今日は、最後の京都旅行記ですが、伏見稲荷大社の「お山めぐり」について書きます。
京都旅行で伏見稲荷大社に参拝したことは、先週書きました。
この伏見稲荷大社御参拝では、できれば稲荷山山頂である一ノ峰までお参りしたいと思っていました。
伏見稲荷大社は千本鳥居で有名な奥社奉拝所までは簡単にお参りできます。
この奥社奉拝所から先にある一ノ峰、二ノ峰、三ノ峰などを巡るのがいわゆる「お山めぐり」です。
稲荷山は標高233メートルですが、下写真の境内案内図でお分かりになるように、稲荷山の頂上まで伏見稲荷大社の境内のようです。
正規のルートをめぐって全長4キロ、2時間程度で参拝できるということでした。
そこで、時間の関係もあるので、登れるところまで登ろうというつもりで登り始めましたが、結局、途中の眼力社まで登った所で引き返しました。
そこで、途中までの記録ですが、主なお社である「熊鷹社」「三徳社」「大杉社」「眼力社」について書きます。

熊鷹社
「熊鷹大神」でローソクなど供え、願い事・頼み事などのお祈りを済ませ、難切り不動尊の横、池の畔で拍手を2回打つと幸運を示す方角よりコダマが返ってくると言う。
また、コダマが近くより返って来たように思うと願い事は早く叶い、遠くから返って来たように思うと願い事の成就は遅くなると言う古くからの言い伝えがあります。
そのほか、尋ね人のある人が池の畔で拍手を打つと反響する方角に必ず手がかりが得られるといった話もあるようです。
熊鷹社は茶店のすぐ目の前に鎮座していますので、全体像を撮るのが難しかったです。
右上の写真をみていただくと右側の茶店と左側の熊鷹社が近接しているのがわかると思います。
三徳社
三徳社とは、社前の茶店の奥様のお話では、三徳すなわち「衣食住」に御利益のある神様だとのことです。
それぞれの社の前には茶店があり、供え物、鳥居、軽食等を販売しています。
この三徳社の前の茶店の奥様と休憩しながらお話をしましたが、茶店に実際に住んでいるとのことで、お土産品や食材等はすべて人力で運び上げるとのことでした。
「結構大変なことです」と言っていました。

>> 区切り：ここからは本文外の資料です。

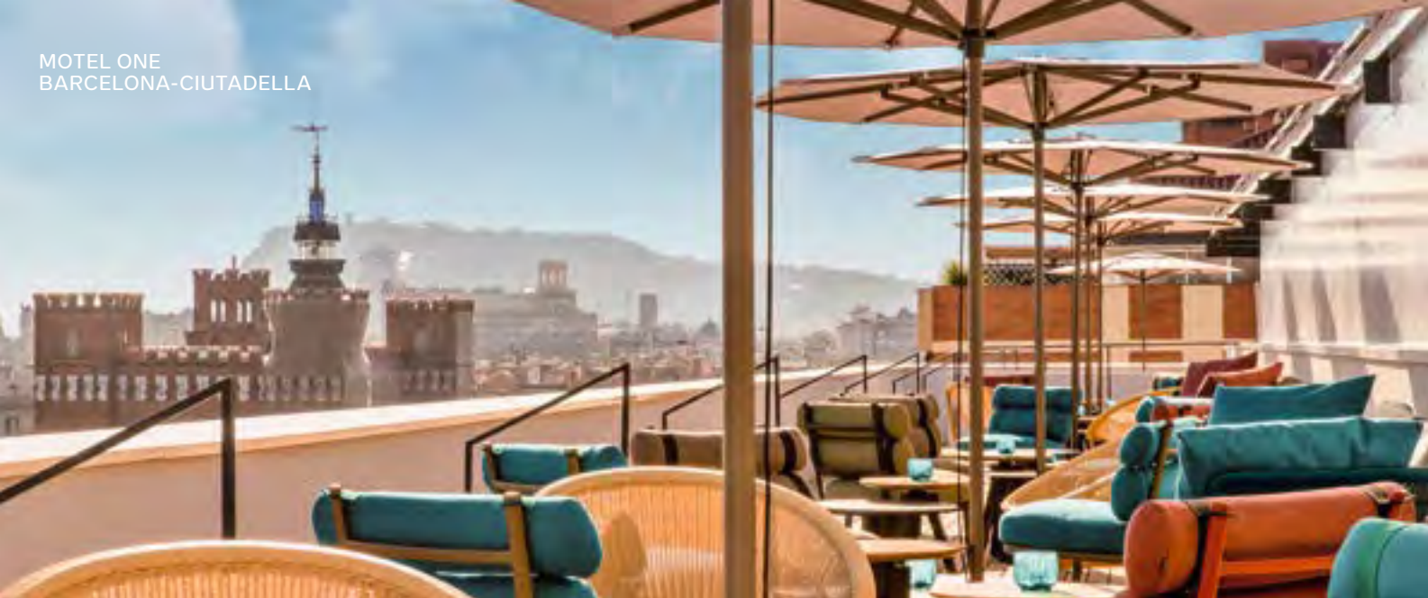
MOTEL ONE BARCELONA-CIUTADELLA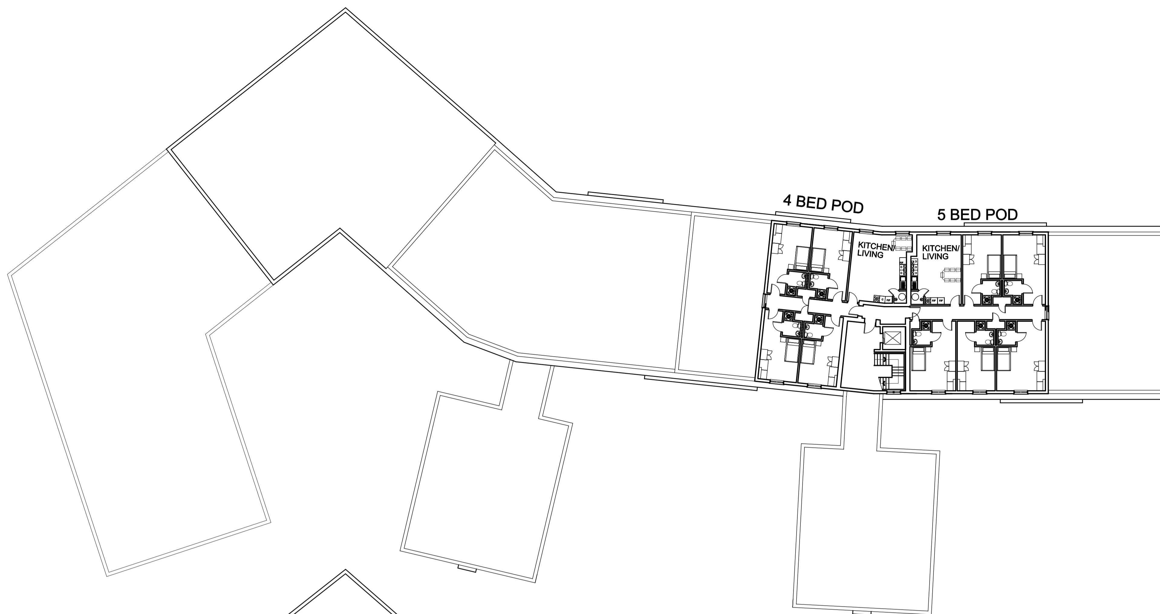
6TH FLOOR: 2 PODS/FLOOR - 9 BEDROOMS

そうだろうと思いました。
大杉社
稲荷山の杉を持ち帰り、庭に植えておいて枯れなければ願いが叶うと言われていて、これは「験(しるし)の杉」といわれています。
現在は枯れてしまっていますが、依然として御神木としてお祀りされています。
本殿の横・後ろからみると御神木がよくわかります。
大杉社では、あらゆる病気の平癒に霊験があるそうです。
そのほか、名前から製材関係・建築関係の人々の信仰が厚いそうです。
眼力社
そのため、眼病に悩む人の参拝が多い様です・
また商売の目先がきくようなる御利益もあると書いてあり、企業経営者や相場関係の崇敬者が多いようです。
さらに、入試・就職・結婚の願いが叶う「願力」の御利益もあるそうです。
ここまで、登ってきて時間がないので、引き返すことにしました。
眼力社・大杉社の少し手前に、四つ辻という場所があります。
名前の通り、「お山巡り」のための路が四方から合流する場所です。
ここからは京都市中が見下ろせるビューポイントです。
見晴らしがよく茶店もあり、良い休憩場所ですが、ここまで登ってくるのは、それなりに大変です。
右写真は熊鷹社から三徳社に至る途中の参拝路ですが、それなりの急坂であることがわかると思います。
清少納言も、伏見稲荷大社に参拝して「お山めぐり」にチャレンジしましたが、苦労したようです。
「枕草子 第一五八段 うらやましげなるもの」のなかで次のように書かれています。
稲荷に思ひおこしてまうでたるに、中のみやしろのほど、わりなうくるしきを、念じのぼるに、いささか苦しげもなく、おくれて来るとみる者どもの、ただ行きに先立ちてまうづる、いとめでたし。(後略)」
私も清少納言とほぼ同じ心境でした。